It’s definitely not totally fine.  

Obviously. 

Throughout the craziness that follows — celebrating, heading back to the apartment, more celebrating, trying to figure out what the hell they’re going to play, giving up and breaking out the beers, further celebrating but with Kamala's entire family via video call — Kate finds that around 10 - 25% of her brain is preoccupied by this extra nugget of information that probably shouldn’t matter at all, especially in the face of Dreams Coming True. Which would be fine — something totally, easily, absolutely handled — except that this percentage loss is definitely noticed by everyone present, especially Cassie and Riri, who exchange about twenty different types of significant looks before Cassie finally says something, about halfway through attempt number two of figuring out their setlist. 

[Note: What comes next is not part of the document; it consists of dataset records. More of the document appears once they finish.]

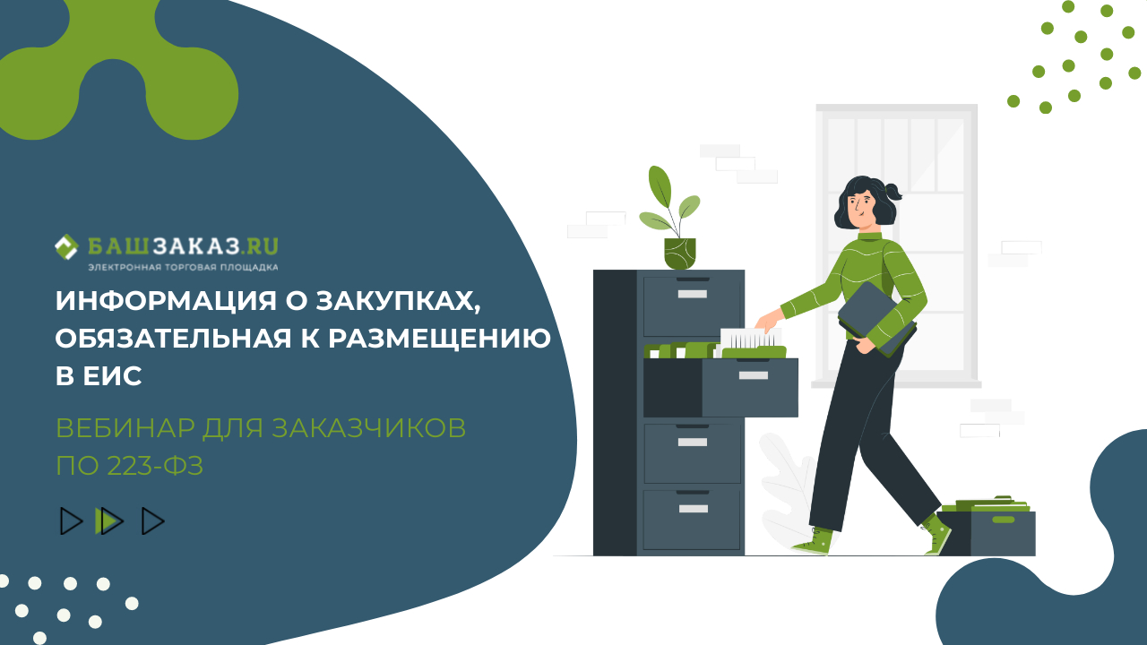 На вебинаре расскажем о нормативных требованиях к размещаемой в ЕИС информации о закупках, форме, сроках, особенностях. Вебинар будет интересен как начинающим заказчикам, так и опытным, «держащим руку на пульсе» изменений закупочного законодательства. Регистрация на бесплатные вебинары для заказчиков по 223 - ФЗ https://lp.bashzakaz.ru/webinar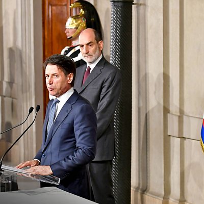 Does the new Italian government really pose a danger for the Eurozone and the European Union? There has been much to-ing and fro-ing in Rome this week as the two parties which finished up ahead in Italy's election in March have tried to persuade the president to approve their coalition government. The parties are unlikely populist allies: the anti- establishment Five Star Movement and The League, which started life as a secessionist movement in the north of Italy. Both parties reject economic austerity. They want to lower taxes and raise government debt further. This is causing alarm bells to ring in EU capitals. Were Italy to prove unable or unwilling to cut its budget deficit, the potential for a new crisis in the Eurozone looms. Italy, say some commentators, could drag other countries, such as Spain and Greece, down with it. It is unprecedented in a country that was one of the founder members of the EEC, the EU's forerunner, to have Eurosceptic leaders at the helm. CONTRIBUTORS Professor John Foot, a historian specialising in Italy at the University of Bristol Jacopo Iacoboni, author of L'Esperimento, a book about the Five Star Movement Cristina Marconi, a journalist on the newspaper Il Messaggero Ferdinando Giugliano, a columnist and leader writer on European economics for Bloomberg Opinion Judy Dempsey, a former Brussels correspondent and now a senior fellow at the Carnegie Europe think tank. Image: Italian lawyer Giuseppe Conte addresses journalists after a meeting with Italy's President Sergio Mattarella on May 23, 2018 Credit: VINCENZO PINTO/AFP/Getty Images.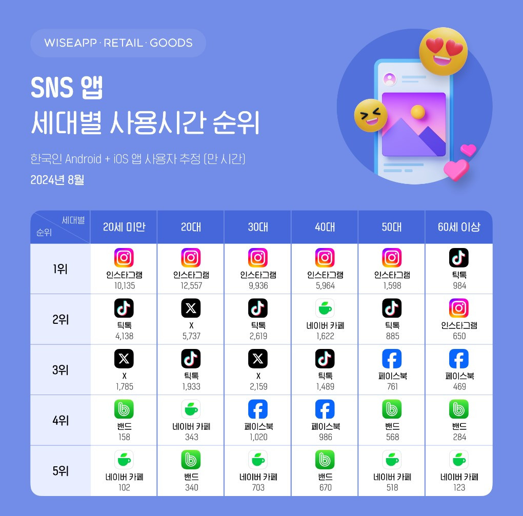 모바일 앱 사용자 데이터 분석기관 와이즈앱의 최신 발표 자료에 따르면 현재 대한민국 인스타그램 유저 수는 약 2,500만 명으로 압도적인 1위를 자랑한다. 세대별 SNS 사용시간 순위에서도 60대에서 2위를 차지한 것을 제외하면 전 연령대에서 인스타그램이 1위로, 사용시간 또한 월등하게 긴 것으로 나타났다. 여성 소비자들이 쇼핑을 즐기는 공간 특성과 더불어 높은 구매력을 가진 2050 타겟들이 대거 포진해 있는 곳, 인스타그램 커머스가 잘 될 수밖에 없는 이유다.

“You’re being weird,” she says, as blunt as always. “Why are you being weird?”

“Who’s being weird?” Kate asks, super blasé. “I’m not being weird.”

“You haven’t said anything for ten minutes,” Riri supplies, as though this is evidence enough (and it is). 

“Not even when Billy said we shouldn’t play the sex song,” Cassie adds. 

“I didn’t say we shouldn’t play the sex song! I asked if we should play it if we only have 30 minutes.”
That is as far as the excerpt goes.